(Stored records)
—————

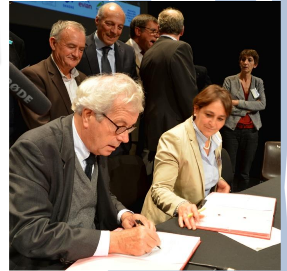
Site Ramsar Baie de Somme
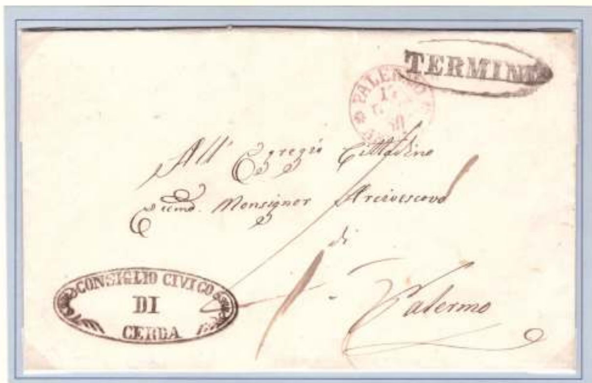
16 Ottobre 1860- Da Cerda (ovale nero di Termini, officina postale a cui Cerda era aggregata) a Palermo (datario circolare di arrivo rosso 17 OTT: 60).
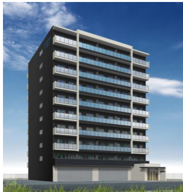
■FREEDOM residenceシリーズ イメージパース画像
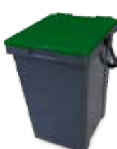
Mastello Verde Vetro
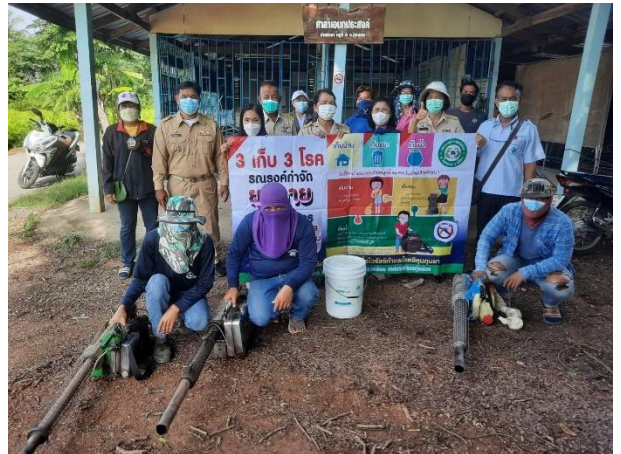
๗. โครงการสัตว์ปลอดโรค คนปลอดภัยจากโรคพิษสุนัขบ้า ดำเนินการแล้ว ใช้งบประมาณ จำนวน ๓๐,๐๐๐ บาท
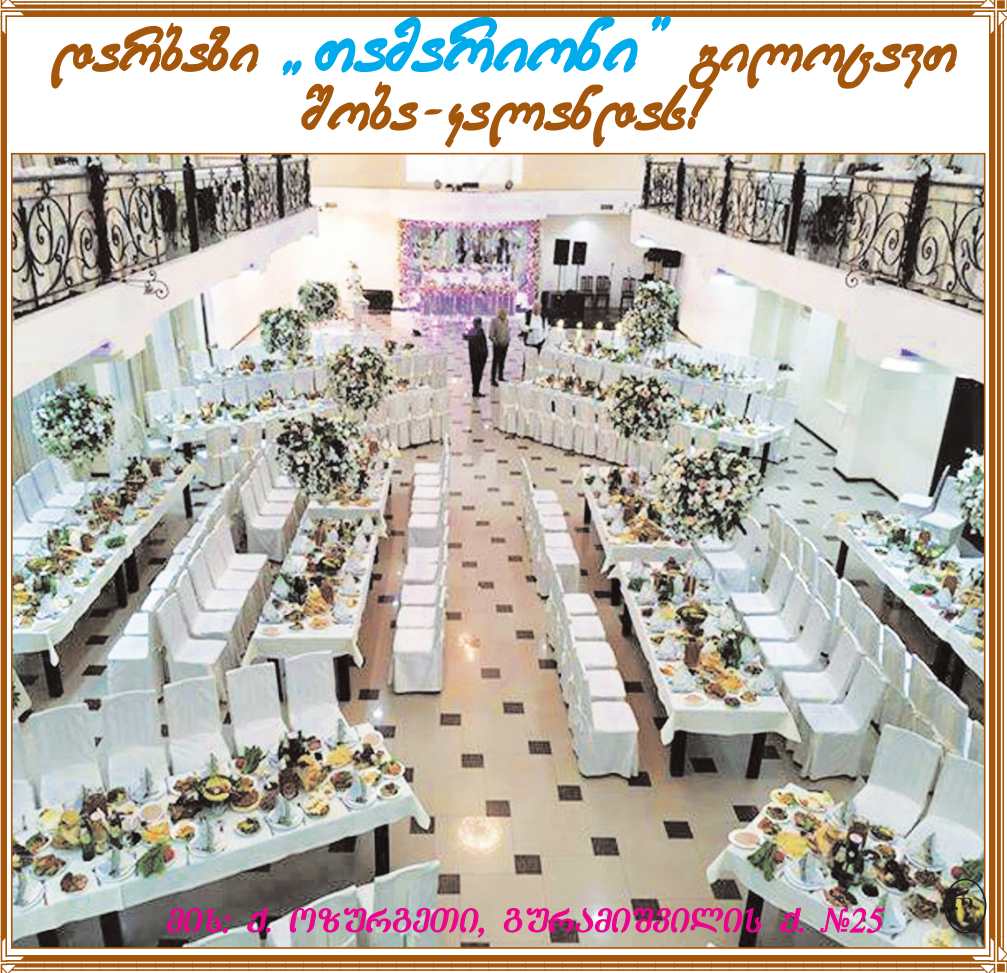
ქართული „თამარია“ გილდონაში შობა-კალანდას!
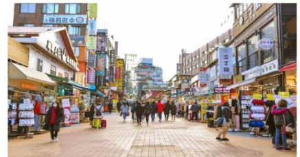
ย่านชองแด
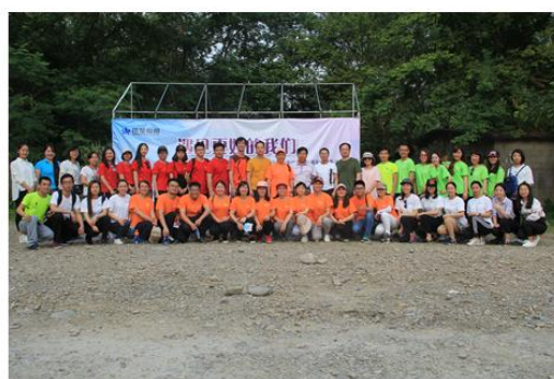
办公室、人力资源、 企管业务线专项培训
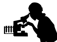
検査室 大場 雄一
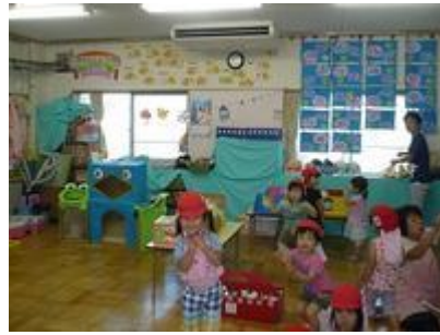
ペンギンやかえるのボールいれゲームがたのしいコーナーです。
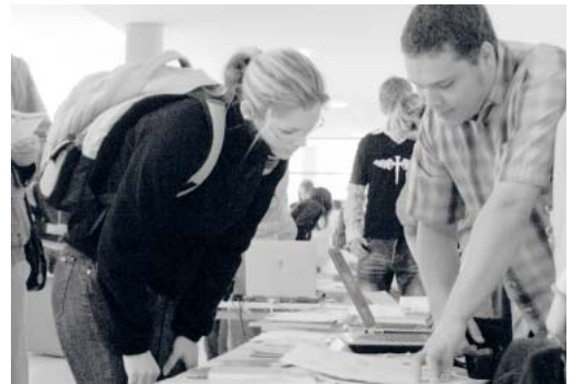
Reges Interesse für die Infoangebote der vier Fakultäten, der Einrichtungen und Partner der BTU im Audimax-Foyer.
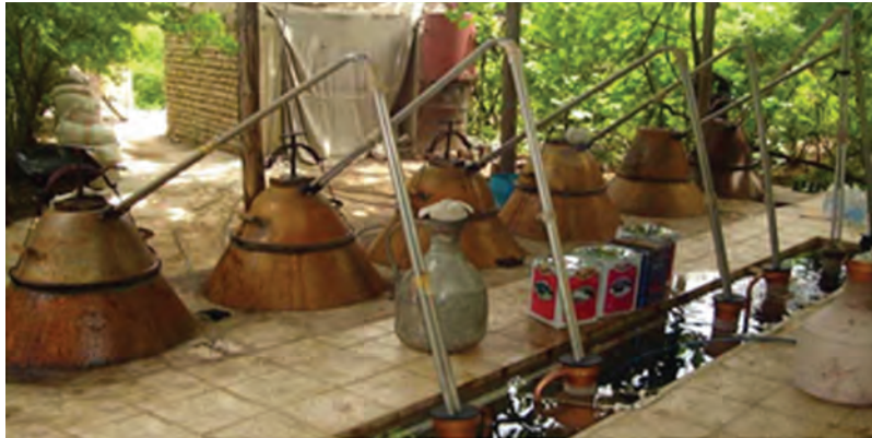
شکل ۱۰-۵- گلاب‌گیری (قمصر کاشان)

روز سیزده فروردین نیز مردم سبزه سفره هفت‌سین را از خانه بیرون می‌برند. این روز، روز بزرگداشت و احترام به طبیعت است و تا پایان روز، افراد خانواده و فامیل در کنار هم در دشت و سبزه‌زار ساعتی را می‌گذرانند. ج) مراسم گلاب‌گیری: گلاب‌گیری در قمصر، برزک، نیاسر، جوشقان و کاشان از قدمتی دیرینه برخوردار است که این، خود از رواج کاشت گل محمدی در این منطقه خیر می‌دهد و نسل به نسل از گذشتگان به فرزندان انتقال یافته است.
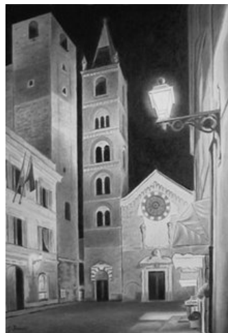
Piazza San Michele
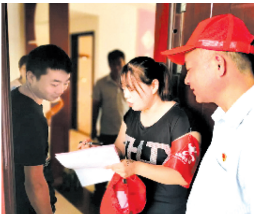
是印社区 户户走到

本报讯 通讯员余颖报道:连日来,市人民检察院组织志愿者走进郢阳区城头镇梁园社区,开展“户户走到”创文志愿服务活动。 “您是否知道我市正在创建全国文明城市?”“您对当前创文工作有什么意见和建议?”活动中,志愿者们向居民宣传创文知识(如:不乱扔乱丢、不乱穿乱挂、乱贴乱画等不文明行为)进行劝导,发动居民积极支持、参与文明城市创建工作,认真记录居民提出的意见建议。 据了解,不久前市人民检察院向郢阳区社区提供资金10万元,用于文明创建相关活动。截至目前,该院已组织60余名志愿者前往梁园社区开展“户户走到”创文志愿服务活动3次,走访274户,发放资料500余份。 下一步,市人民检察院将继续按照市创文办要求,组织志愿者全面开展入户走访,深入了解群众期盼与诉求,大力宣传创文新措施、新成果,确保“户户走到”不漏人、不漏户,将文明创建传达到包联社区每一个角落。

—————

» **Task instructions**: Once the line with "Reges Interesse für" has been found above, output that line and every later line exactly, stopping after the line with "شکل ۱۰-۵- گلاب‌گیری (قمصر کاشان)", and omit the pictures.

» **Completed task**:
Reges Interesse für die Infoangebote der vier Fakultäten, der Einrichtungen und Partner der BTU im Audimax-Foyer.
شکل ۱۰-۵- گلاب‌گیری (قمصر کاشان)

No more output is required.